PROBLEM DETAILS:
Extract every line below that contains the word "gold".

◆ ◆ ◆ ◆ ◆ ◆ ◆

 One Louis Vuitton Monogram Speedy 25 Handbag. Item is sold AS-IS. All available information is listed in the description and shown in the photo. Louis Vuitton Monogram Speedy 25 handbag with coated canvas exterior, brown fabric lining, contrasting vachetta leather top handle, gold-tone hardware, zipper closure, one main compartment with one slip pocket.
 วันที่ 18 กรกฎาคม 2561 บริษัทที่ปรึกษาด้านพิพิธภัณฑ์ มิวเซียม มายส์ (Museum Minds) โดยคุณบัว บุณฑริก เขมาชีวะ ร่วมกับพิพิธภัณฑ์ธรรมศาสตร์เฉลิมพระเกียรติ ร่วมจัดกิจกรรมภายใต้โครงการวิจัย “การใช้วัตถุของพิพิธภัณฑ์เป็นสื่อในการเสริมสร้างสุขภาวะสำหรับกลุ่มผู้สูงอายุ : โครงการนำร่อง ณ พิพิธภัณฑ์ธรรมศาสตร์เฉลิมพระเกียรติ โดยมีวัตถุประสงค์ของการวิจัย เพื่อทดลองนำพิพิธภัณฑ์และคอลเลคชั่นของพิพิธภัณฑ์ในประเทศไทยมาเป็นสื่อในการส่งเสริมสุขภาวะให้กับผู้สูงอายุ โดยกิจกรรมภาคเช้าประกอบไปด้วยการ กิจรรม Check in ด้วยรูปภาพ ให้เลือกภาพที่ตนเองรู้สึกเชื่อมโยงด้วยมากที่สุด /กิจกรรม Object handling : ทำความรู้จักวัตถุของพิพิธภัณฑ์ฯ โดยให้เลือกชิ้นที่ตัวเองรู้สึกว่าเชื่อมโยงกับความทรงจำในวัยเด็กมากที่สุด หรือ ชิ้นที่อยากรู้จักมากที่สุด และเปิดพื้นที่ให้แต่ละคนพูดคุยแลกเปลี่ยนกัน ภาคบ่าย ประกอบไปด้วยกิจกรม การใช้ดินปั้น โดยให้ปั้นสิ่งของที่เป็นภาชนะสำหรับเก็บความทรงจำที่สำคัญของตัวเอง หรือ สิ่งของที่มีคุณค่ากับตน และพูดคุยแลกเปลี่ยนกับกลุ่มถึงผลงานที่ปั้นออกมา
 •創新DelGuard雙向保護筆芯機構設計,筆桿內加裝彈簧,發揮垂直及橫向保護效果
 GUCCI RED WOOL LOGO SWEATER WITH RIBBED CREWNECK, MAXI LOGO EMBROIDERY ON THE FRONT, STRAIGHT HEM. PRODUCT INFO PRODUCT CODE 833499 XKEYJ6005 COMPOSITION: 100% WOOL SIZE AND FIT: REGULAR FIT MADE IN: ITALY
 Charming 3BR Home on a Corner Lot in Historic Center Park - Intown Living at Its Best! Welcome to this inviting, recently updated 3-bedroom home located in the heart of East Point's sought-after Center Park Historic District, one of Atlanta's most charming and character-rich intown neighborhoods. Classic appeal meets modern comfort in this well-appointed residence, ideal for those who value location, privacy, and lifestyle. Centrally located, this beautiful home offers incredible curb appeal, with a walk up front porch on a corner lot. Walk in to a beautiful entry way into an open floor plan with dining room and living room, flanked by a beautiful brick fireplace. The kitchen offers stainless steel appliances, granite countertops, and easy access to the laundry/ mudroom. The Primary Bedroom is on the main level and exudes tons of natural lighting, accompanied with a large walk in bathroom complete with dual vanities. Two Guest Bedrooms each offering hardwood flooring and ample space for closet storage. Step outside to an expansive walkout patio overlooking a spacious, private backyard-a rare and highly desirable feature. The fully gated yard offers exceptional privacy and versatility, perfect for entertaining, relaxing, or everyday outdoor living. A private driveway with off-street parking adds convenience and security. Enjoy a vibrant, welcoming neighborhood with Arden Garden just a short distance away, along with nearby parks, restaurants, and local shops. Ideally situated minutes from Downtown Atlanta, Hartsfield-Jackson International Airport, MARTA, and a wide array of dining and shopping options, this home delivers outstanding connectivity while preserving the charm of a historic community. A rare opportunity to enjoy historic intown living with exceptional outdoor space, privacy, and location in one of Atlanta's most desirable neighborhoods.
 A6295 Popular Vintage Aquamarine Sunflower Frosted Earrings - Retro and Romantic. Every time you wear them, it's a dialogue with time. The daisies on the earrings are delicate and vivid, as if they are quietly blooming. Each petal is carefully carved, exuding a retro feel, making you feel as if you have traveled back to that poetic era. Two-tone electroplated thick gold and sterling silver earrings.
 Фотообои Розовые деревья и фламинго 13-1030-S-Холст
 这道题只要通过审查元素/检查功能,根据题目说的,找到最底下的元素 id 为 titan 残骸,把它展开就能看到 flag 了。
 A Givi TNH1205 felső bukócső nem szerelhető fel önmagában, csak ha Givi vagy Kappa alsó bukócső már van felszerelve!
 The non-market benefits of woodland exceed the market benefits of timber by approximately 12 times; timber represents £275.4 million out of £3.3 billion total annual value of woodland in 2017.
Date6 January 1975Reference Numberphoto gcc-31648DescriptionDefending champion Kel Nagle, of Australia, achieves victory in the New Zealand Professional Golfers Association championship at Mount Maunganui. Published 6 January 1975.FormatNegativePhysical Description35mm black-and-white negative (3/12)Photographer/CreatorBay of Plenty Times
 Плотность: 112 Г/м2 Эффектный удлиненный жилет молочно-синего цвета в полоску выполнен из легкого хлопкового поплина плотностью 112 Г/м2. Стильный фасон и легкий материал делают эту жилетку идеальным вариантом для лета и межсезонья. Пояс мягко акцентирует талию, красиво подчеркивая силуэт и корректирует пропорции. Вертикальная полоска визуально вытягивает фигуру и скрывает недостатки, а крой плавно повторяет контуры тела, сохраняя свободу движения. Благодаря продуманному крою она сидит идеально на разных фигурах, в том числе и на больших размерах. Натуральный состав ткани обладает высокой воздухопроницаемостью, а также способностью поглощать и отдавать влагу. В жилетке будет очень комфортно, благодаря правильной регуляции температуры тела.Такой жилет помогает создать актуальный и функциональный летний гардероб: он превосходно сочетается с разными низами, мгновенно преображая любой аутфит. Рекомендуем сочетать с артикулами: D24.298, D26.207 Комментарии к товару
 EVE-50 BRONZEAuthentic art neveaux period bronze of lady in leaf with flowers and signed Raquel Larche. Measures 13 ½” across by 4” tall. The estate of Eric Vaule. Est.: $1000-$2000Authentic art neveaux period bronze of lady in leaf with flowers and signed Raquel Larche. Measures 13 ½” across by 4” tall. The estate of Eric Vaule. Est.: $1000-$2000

◆ ◆ ◆ ◆ ◆ ◆ ◆

FINISHED EXERCISE:
 One Louis Vuitton Monogram Speedy 25 Handbag. Item is sold AS-IS. All available information is listed in the description and shown in the photo. Louis Vuitton Monogram Speedy 25 handbag with coated canvas exterior, brown fabric lining, contrasting vachetta leather top handle, gold-tone hardware, zipper closure, one main compartment with one slip pocket.
 A6295 Popular Vintage Aquamarine Sunflower Frosted Earrings - Retro and Romantic. Every time you wear them, it's a dialogue with time. The daisies on the earrings are delicate and vivid, as if they are quietly blooming. Each petal is carefully carved, exuding a retro feel, making you feel as if you have traveled back to that poetic era. Two-tone electroplated thick gold and sterling silver earrings.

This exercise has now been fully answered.